Devoured offers a broad picture, nailing down everything from food at work (office doughnuts, anyone?) to the fuzzy definition of a modern meal. With the average American’s lifestyle transforming drastically in recent decades, so too have our eating norms — potentially to our detriment.

“These [changes] happened over a very quick, very short amount of time, and we don’t really yet know what the long-term effects are going to be,” Egan tells Bustle. “Whether we realize it or not, we are all participating in a radical social experiment where the etiquette lags behind the behavior. … We don’t really have the rules worked out in terms of what’s reasonable.”

Take food on social media, for example. While apps even help you Instagram better food photos nowadays, there may be unexpected consequences to our food porn addiction. As much as this is what Egan calls “a beautiful outpouring of food photography,” she sees some negative outcomes as well.

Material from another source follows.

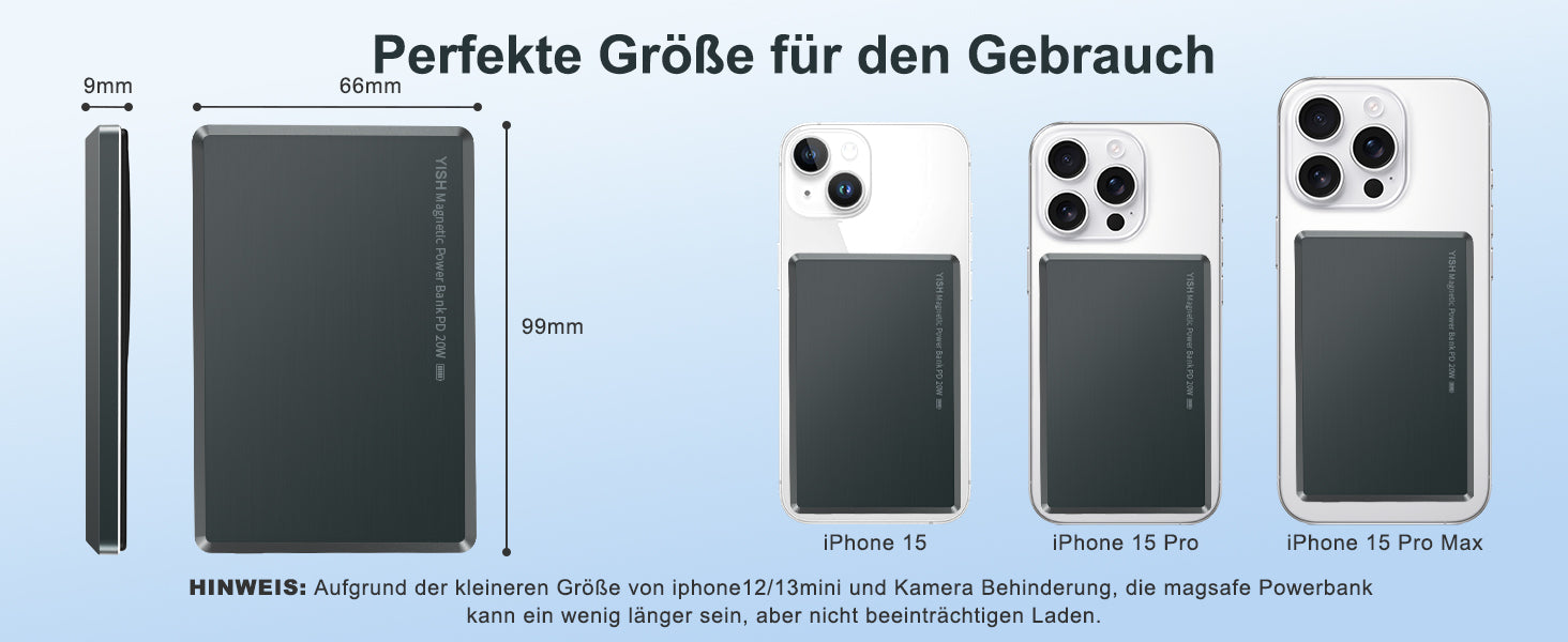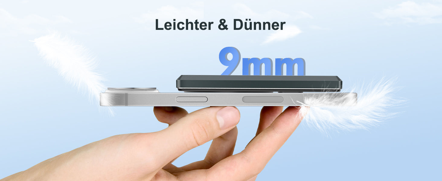 Ultra-slim and lightweight: this 5000 mAh magnetic power bank has been designed for maximum portability (9.9 x 6.6 x 0.9 cm) and has an ultra-slim, carded profile with a thickness of only 9 mm and a weight of only 124 g - it fits effortlessly in your bag or backpack.

“It can make eating, or going out to eat, so much more about getting that perfect picture than just enjoying the food while it’s hot,” she says.

On top of that, all that immaculately captured cuisine may intimidate those of us out there without Food Network-worthy culinary skills. “Sometimes, the pictures look so perfect and beautifully lit and all that, that it can, I think, distance people from wanting to prepare it themselves,” says Egan.

Cooking isn't the same common ability it once was, as Devoured points out; in fact, Americans now typically spend only about 30 minutes a day actually doing it. As such, I'm sure many of us can relate to Egan when she says that she’s “definitely not the cook [she’d] like to be.” While she tends to go all out on breakfast every day, there are plenty of evenings she orders food delivery because it feels like the only way she can get everything done.

The reality is that time constraints play a huge role in our food choices, whether that be lunching at our desks or replacing actual meals with snacks. And that is just one of myriad key factors that influence our eating habits.

“Individual food choices are shaped by the very powerful food environment around us,” says Egan.

Devoured provides the perspective needed to understand this cultural context, thereby helping us avoid getting caught up in what Egan calls “guilt-laden blame games.” Instead, she hopes we’ll use her book to “start to identify solutions that really do look at root causes.”

“It wasn’t a manifesto or meant to be providing all the answers, but I hope, collectively, it sparks a retraining of where we’re channeling our attention,” says Egan.